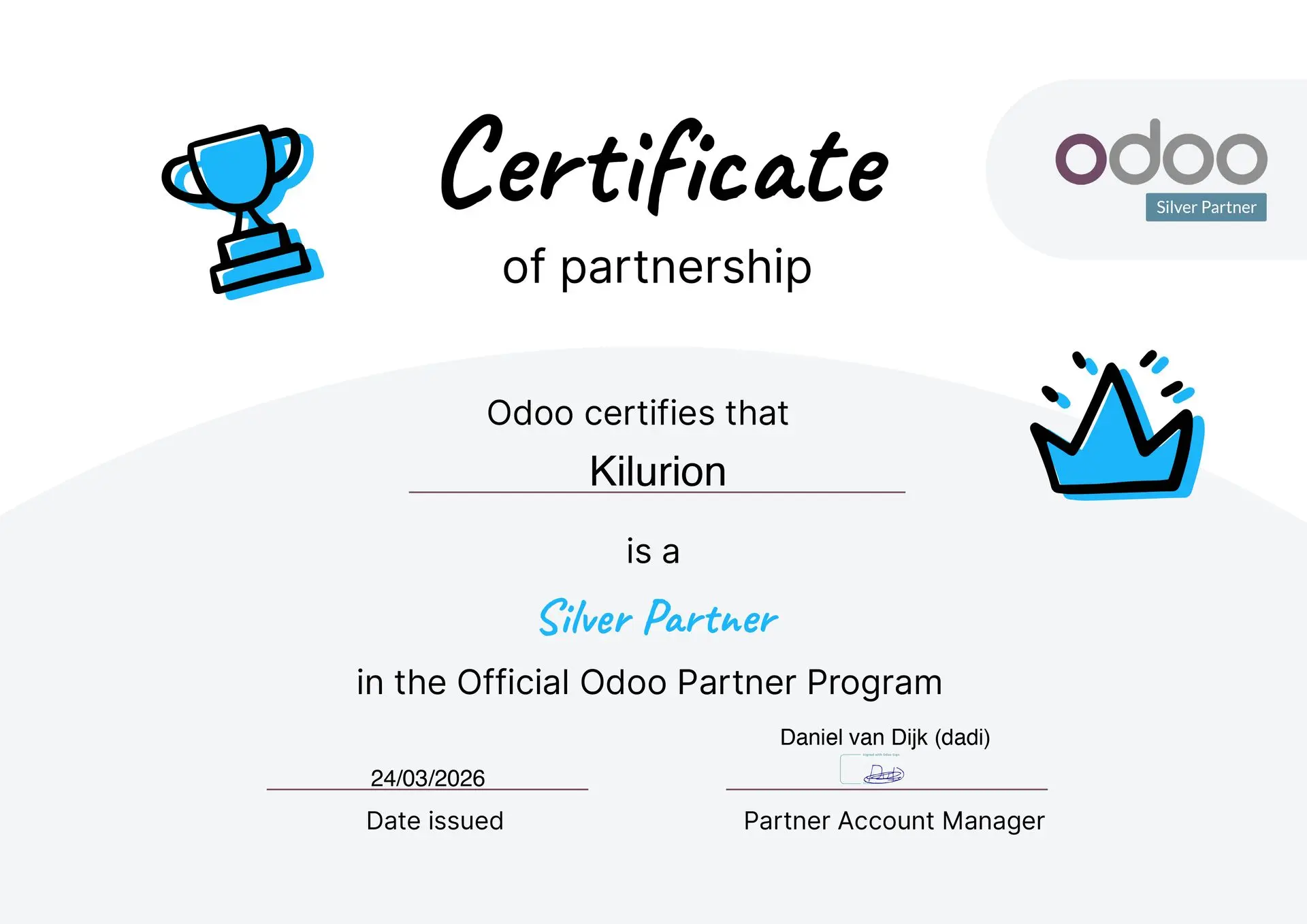 Kilurion heeft de status van Odoo Silver Partner behaald. Een mooie mijlpaal die bevestigt dat we beschikken over de juiste ervaring, kennis en track record om succesvolle Odoo-implementaties te realiseren.
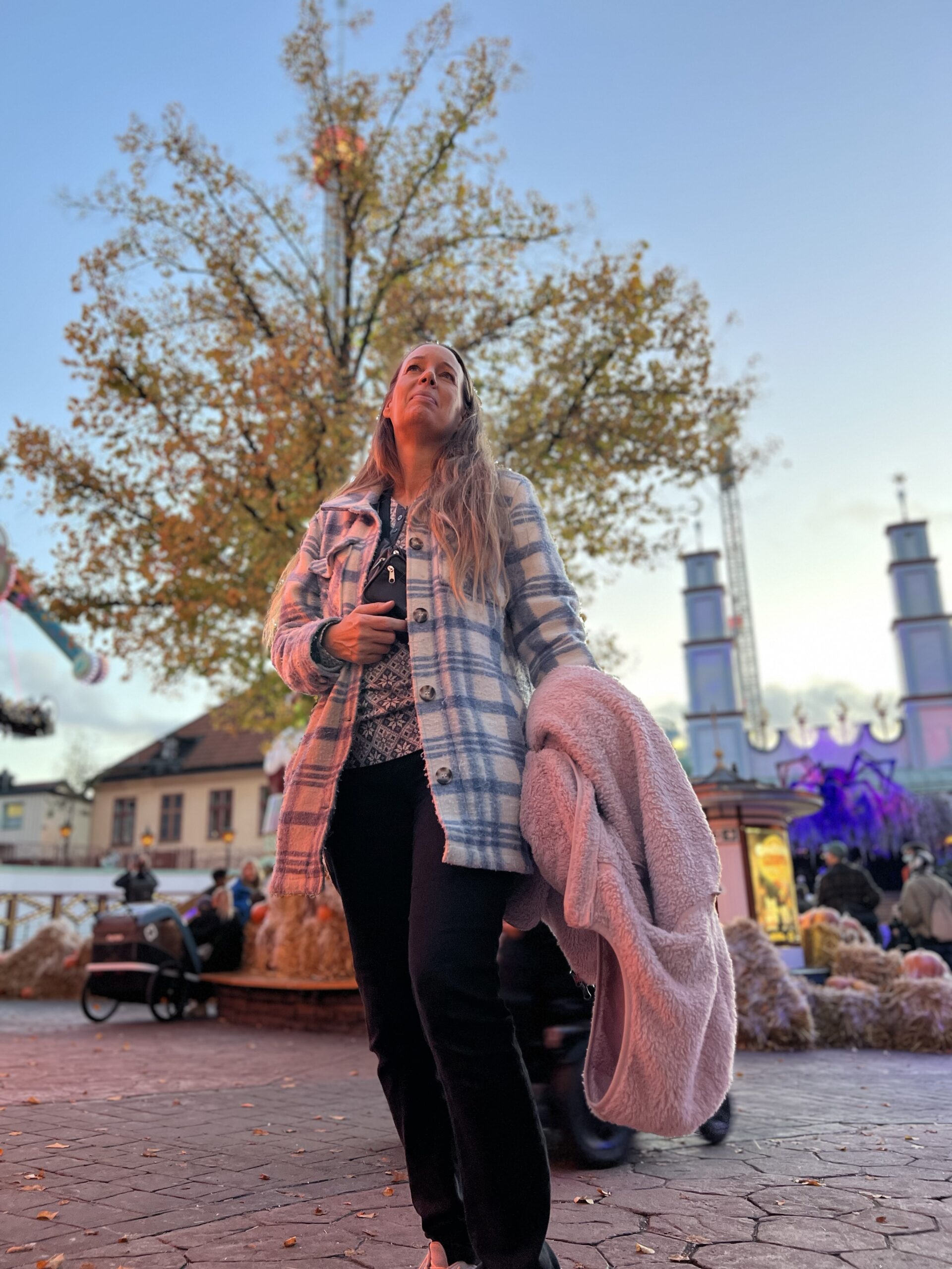 Jag hade den här dagen klätt på mig för att inte frysa. Av erfarenhet vet jag att Grönan är kallt och fuktigt och det blåser gärna nere vid vattnet. Jag hatar att frysa och tog med andra ord på mig min älskade underställströja i ull. Den är alltid perfekt, och var det nu med. Det jag inte behövt var både en fleecejacka och min rutiga jacka… Kvällen höll sig varm och varenda karusell vi åkte så skalade jag av jackorna och slängde dem bredvid för att slippa knöla in dem under säkerhetsbågarna, man vill ju gärna sitta så fast som möjligt:) Jag bar fleecejackan under armen precis hela kvällen, helt onödigt, men sånt där är ju svårt att veta i förväg. Mitt tips är ändå att klä på dig ordentligt. För fryser man är inget kul!
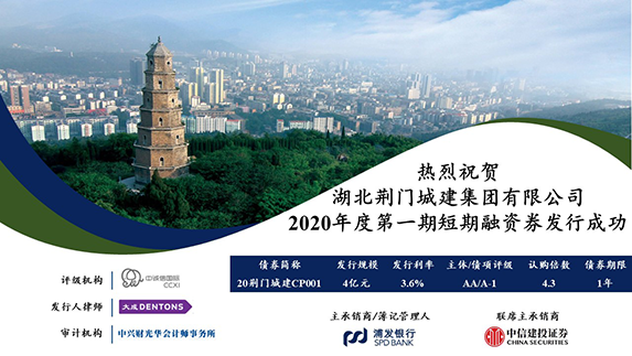 8月20日,市城控集團所屬荊門(mén)城建集團2020年度第一期短期融資券(20荊門(mén)城建CP001)成功發(fā)行,發(fā)行規模4億元,期限1年,票面利率3.6%。該債券為荊門(mén)市非金融企業(yè)成功發(fā)行的首單短期融資券,也是近5年發(fā)行利率首破4%的公開(kāi)市場(chǎng)債券,3.6%的發(fā)行利率創(chuàng )全市近5年來(lái)公開(kāi)發(fā)債市場(chǎng)利率最低。

WHAT IS EXPECTED: Each line above is to be duplicated exactly, and the pictures are to be omitted.

YOUR SOLUTION:
 Kilurion heeft de status van Odoo Silver Partner behaald. Een mooie mijlpaal die bevestigt dat we beschikken over de juiste ervaring, kennis en track record om succesvolle Odoo-implementaties te realiseren.
 Jag hade den här dagen klätt på mig för att inte frysa. Av erfarenhet vet jag att Grönan är kallt och fuktigt och det blåser gärna nere vid vattnet. Jag hatar att frysa och tog med andra ord på mig min älskade underställströja i ull. Den är alltid perfekt, och var det nu med. Det jag inte behövt var både en fleecejacka och min rutiga jacka… Kvällen höll sig varm och varenda karusell vi åkte så skalade jag av jackorna och slängde dem bredvid för att slippa knöla in dem under säkerhetsbågarna, man vill ju gärna sitta så fast som möjligt:) Jag bar fleecejackan under armen precis hela kvällen, helt onödigt, men sånt där är ju svårt att veta i förväg. Mitt tips är ändå att klä på dig ordentligt. För fryser man är inget kul!
 8月20日,市城控集團所屬荊門(mén)城建集團2020年度第一期短期融資券(20荊門(mén)城建CP001)成功發(fā)行,發(fā)行規模4億元,期限1年,票面利率3.6%。該債券為荊門(mén)市非金融企業(yè)成功發(fā)行的首單短期融資券,也是近5年發(fā)行利率首破4%的公開(kāi)市場(chǎng)債券,3.6%的發(fā)行利率創(chuàng )全市近5年來(lái)公開(kāi)發(fā)債市場(chǎng)利率最低。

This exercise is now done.